Assigned task: Using the data below, set down every line from the one containing "Frequently asked questions" through the one containing "シアー楊柳ギャザーブラウス", inclusive and unchanged. Pictures are to be skipped.

Recorded data:
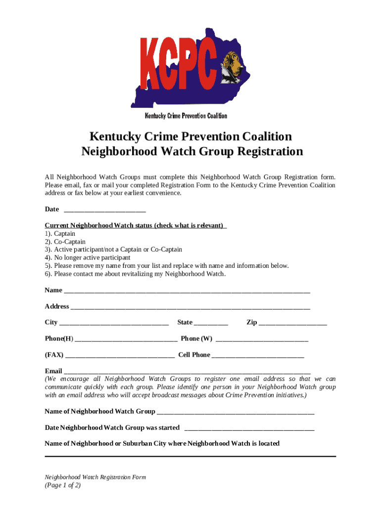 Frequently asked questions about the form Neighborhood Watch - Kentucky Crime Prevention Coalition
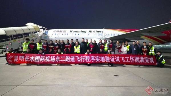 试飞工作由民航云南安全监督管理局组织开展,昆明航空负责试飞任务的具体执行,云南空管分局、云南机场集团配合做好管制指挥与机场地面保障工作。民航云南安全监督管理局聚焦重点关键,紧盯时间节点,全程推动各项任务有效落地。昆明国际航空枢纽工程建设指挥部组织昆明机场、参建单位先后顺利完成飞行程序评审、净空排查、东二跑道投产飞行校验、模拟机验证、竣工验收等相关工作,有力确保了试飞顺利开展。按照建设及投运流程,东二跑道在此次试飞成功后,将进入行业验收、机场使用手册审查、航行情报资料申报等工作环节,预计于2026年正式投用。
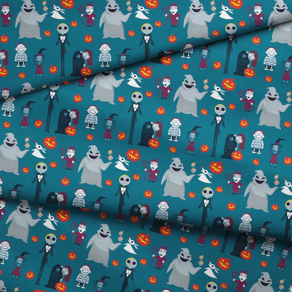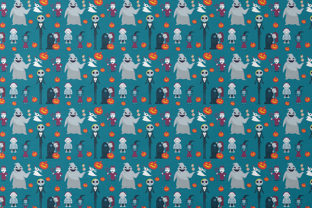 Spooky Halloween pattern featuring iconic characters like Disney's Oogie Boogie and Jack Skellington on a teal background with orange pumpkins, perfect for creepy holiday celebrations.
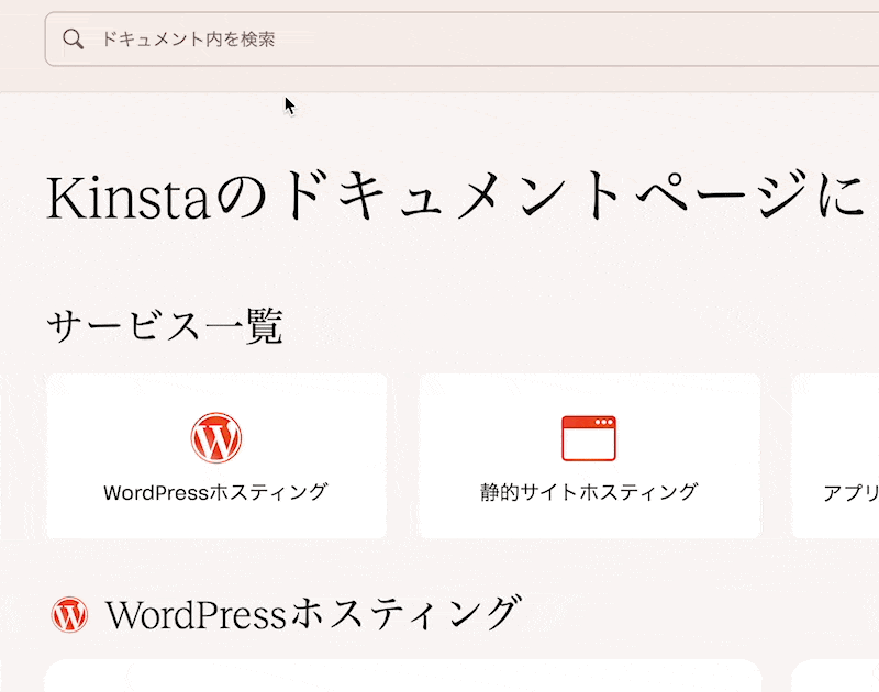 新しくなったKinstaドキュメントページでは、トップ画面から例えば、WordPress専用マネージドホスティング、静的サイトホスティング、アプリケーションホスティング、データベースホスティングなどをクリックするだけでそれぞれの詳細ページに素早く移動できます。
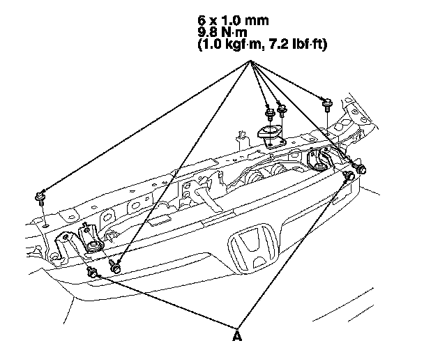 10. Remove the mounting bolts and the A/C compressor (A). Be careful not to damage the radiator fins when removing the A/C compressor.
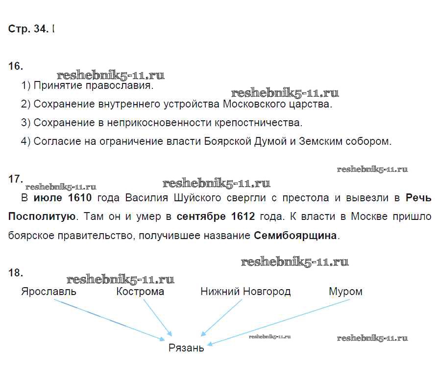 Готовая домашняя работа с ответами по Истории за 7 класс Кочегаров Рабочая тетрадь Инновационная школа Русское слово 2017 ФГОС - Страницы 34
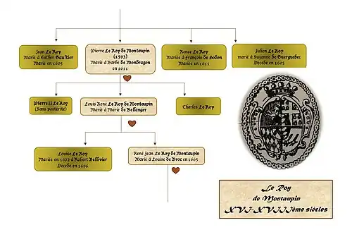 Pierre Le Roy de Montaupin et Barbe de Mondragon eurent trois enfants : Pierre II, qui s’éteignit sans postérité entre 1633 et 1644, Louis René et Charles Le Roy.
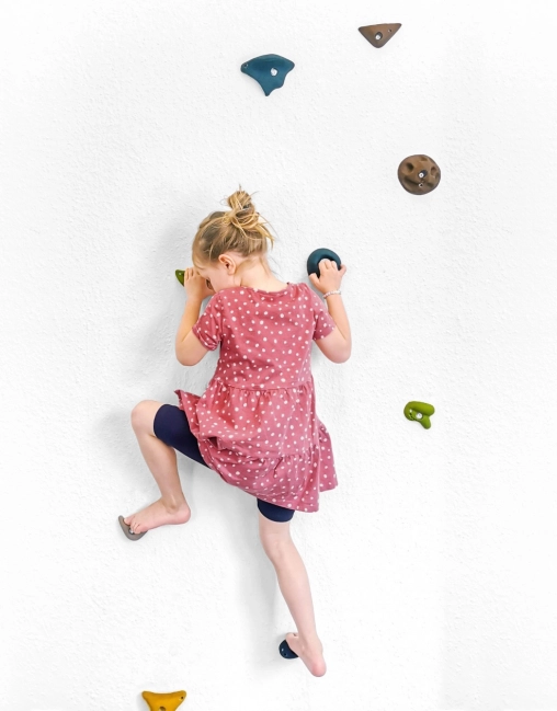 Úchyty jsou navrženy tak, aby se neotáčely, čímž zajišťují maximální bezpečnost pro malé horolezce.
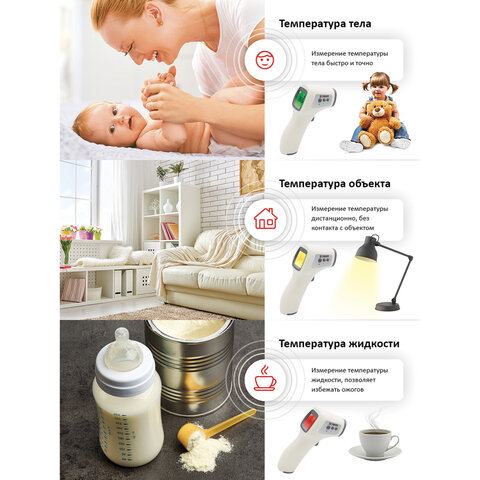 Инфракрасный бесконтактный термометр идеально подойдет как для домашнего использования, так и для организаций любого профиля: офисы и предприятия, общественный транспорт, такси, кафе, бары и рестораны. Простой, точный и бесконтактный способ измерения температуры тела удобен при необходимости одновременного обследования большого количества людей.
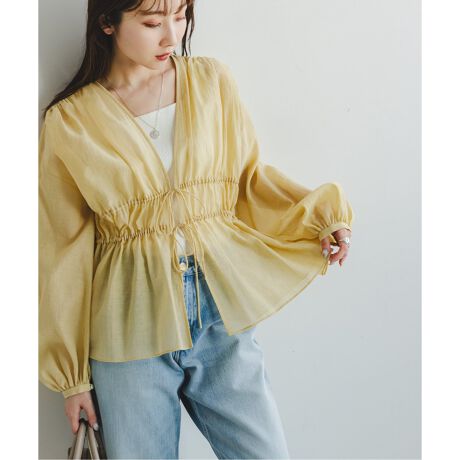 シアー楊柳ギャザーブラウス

--

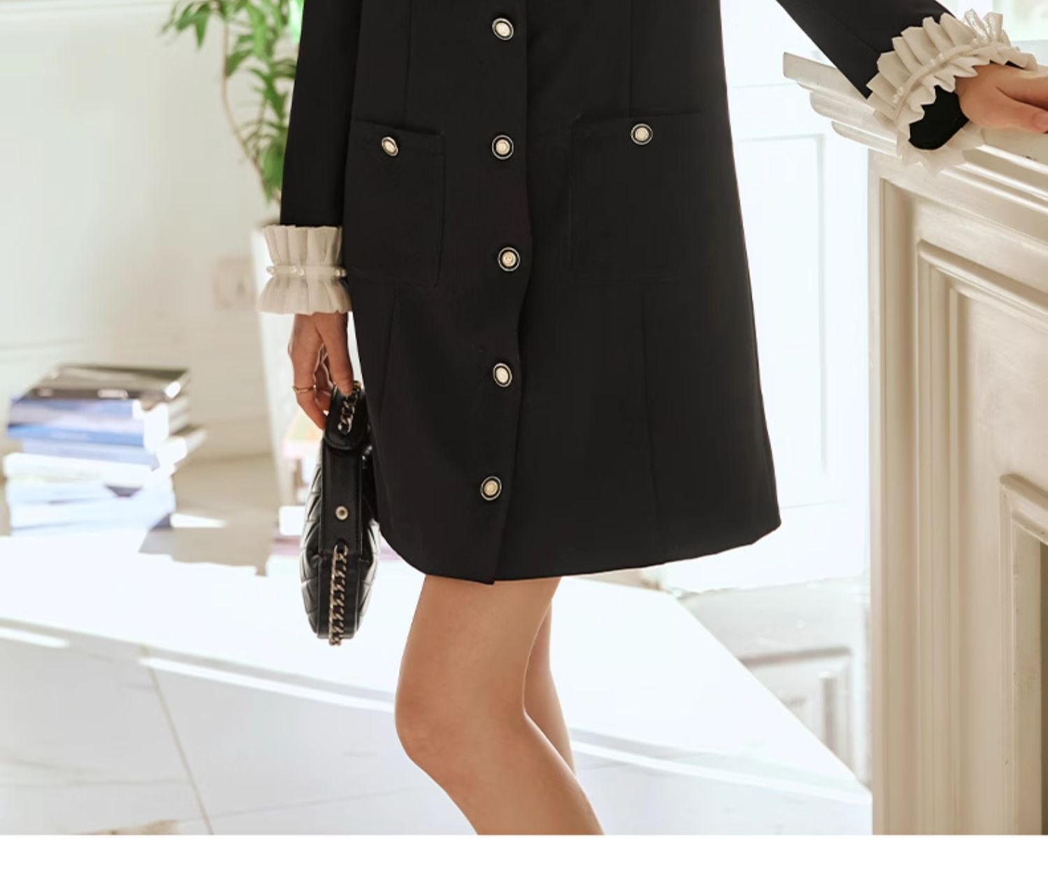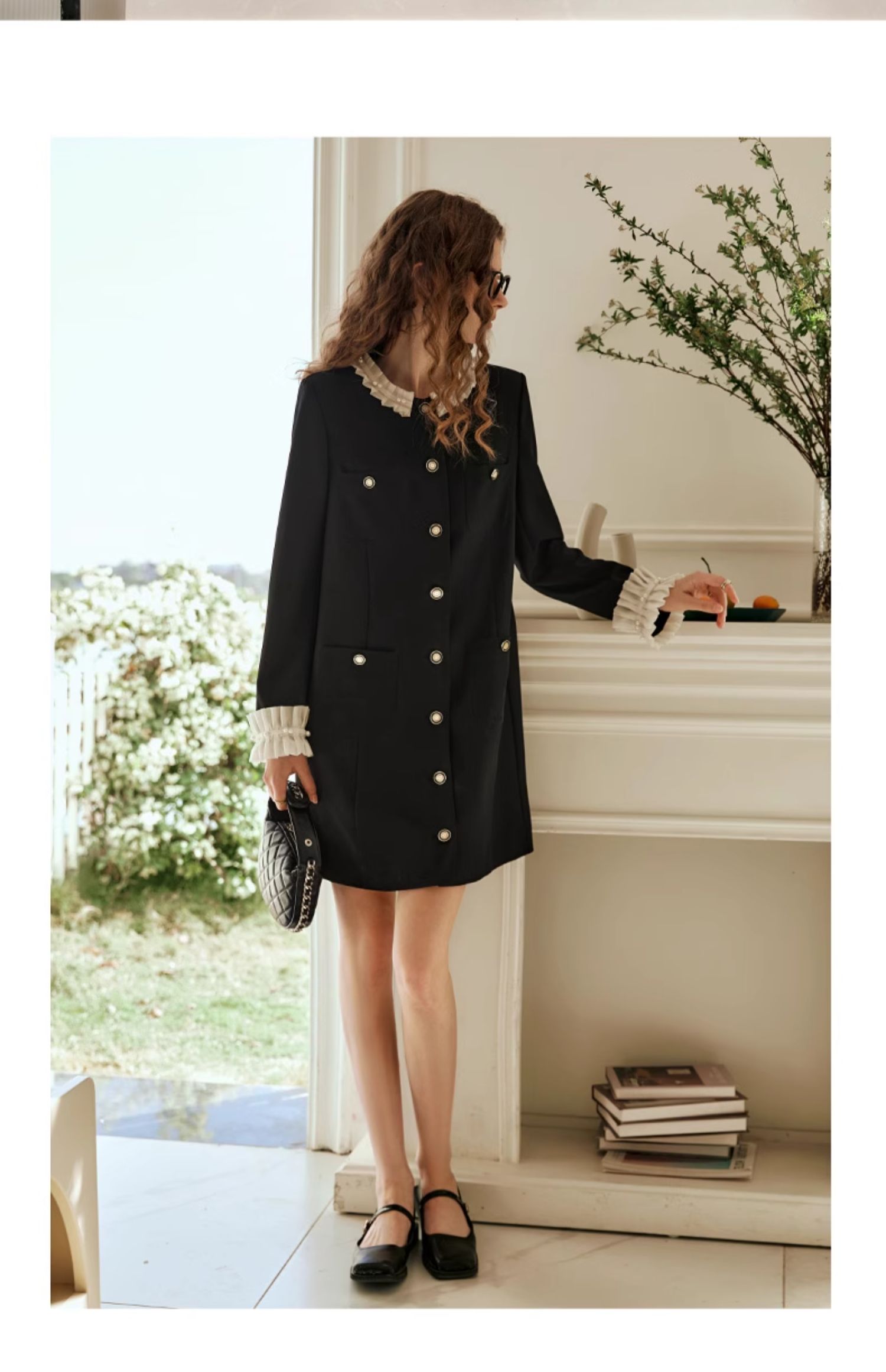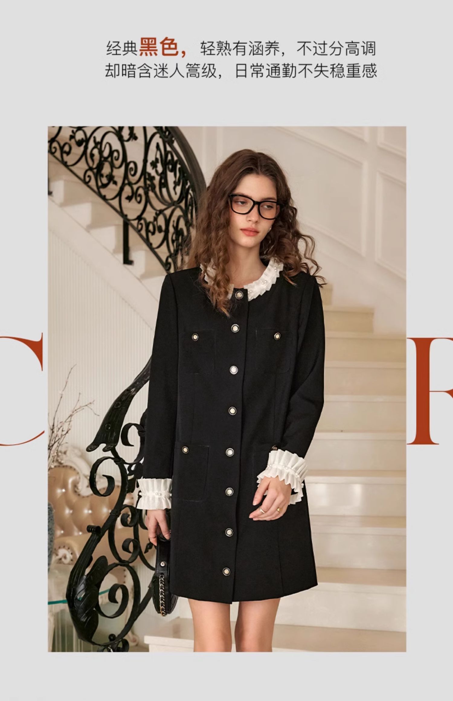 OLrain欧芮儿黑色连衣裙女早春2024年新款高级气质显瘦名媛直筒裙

Result of this exercise:
 Frequently asked questions about the form Neighborhood Watch - Kentucky Crime Prevention Coalition
 试飞工作由民航云南安全监督管理局组织开展,昆明航空负责试飞任务的具体执行,云南空管分局、云南机场集团配合做好管制指挥与机场地面保障工作。民航云南安全监督管理局聚焦重点关键,紧盯时间节点,全程推动各项任务有效落地。昆明国际航空枢纽工程建设指挥部组织昆明机场、参建单位先后顺利完成飞行程序评审、净空排查、东二跑道投产飞行校验、模拟机验证、竣工验收等相关工作,有力确保了试飞顺利开展。按照建设及投运流程,东二跑道在此次试飞成功后,将进入行业验收、机场使用手册审查、航行情报资料申报等工作环节,预计于2026年正式投用。
 Spooky Halloween pattern featuring iconic characters like Disney's Oogie Boogie and Jack Skellington on a teal background with orange pumpkins, perfect for creepy holiday celebrations.
 新しくなったKinstaドキュメントページでは、トップ画面から例えば、WordPress専用マネージドホスティング、静的サイトホスティング、アプリケーションホスティング、データベースホスティングなどをクリックするだけでそれぞれの詳細ページに素早く移動できます。
 10. Remove the mounting bolts and the A/C compressor (A). Be careful not to damage the radiator fins when removing the A/C compressor.
 Готовая домашняя работа с ответами по Истории за 7 класс Кочегаров Рабочая тетрадь Инновационная школа Русское слово 2017 ФГОС - Страницы 34
 Pierre Le Roy de Montaupin et Barbe de Mondragon eurent trois enfants : Pierre II, qui s’éteignit sans postérité entre 1633 et 1644, Louis René et Charles Le Roy.
 Úchyty jsou navrženy tak, aby se neotáčely, čímž zajišťují maximální bezpečnost pro malé horolezce.
 Инфракрасный бесконтактный термометр идеально подойдет как для домашнего использования, так и для организаций любого профиля: офисы и предприятия, общественный транспорт, такси, кафе, бары и рестораны. Простой, точный и бесконтактный способ измерения температуры тела удобен при необходимости одновременного обследования большого количества людей.
 シアー楊柳ギャザーブラウス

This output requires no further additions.